--- What you need to do ---
Look below for the line holding "- Rechargeable &" and the line holding "Şarkılar söyleyen, dans". Transcribe exactly those lines and all lines between them, nothing more.

--- The data ---
····················

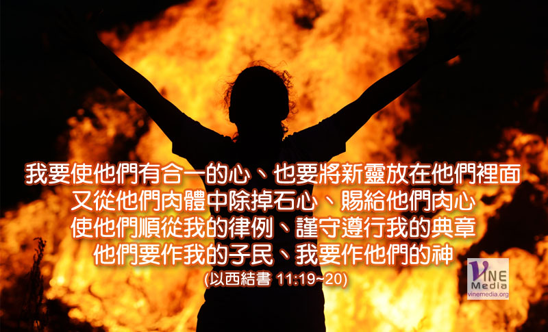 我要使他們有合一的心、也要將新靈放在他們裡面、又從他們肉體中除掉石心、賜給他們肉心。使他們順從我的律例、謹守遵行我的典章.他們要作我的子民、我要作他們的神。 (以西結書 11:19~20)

····················

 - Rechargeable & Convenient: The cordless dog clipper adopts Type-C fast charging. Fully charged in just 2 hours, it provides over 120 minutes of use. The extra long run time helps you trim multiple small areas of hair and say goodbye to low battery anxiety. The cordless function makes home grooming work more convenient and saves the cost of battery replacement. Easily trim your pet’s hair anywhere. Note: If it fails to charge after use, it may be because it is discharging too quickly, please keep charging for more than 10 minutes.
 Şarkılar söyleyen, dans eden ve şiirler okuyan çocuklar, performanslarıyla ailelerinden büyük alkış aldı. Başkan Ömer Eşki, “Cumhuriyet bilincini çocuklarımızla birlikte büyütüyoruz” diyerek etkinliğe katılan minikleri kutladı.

····················

--- Answer to this task ---
 - Rechargeable & Convenient: The cordless dog clipper adopts Type-C fast charging. Fully charged in just 2 hours, it provides over 120 minutes of use. The extra long run time helps you trim multiple small areas of hair and say goodbye to low battery anxiety. The cordless function makes home grooming work more convenient and saves the cost of battery replacement. Easily trim your pet’s hair anywhere. Note: If it fails to charge after use, it may be because it is discharging too quickly, please keep charging for more than 10 minutes.
 Şarkılar söyleyen, dans eden ve şiirler okuyan çocuklar, performanslarıyla ailelerinden büyük alkış aldı. Başkan Ömer Eşki, “Cumhuriyet bilincini çocuklarımızla birlikte büyütüyoruz” diyerek etkinliğe katılan minikleri kutladı.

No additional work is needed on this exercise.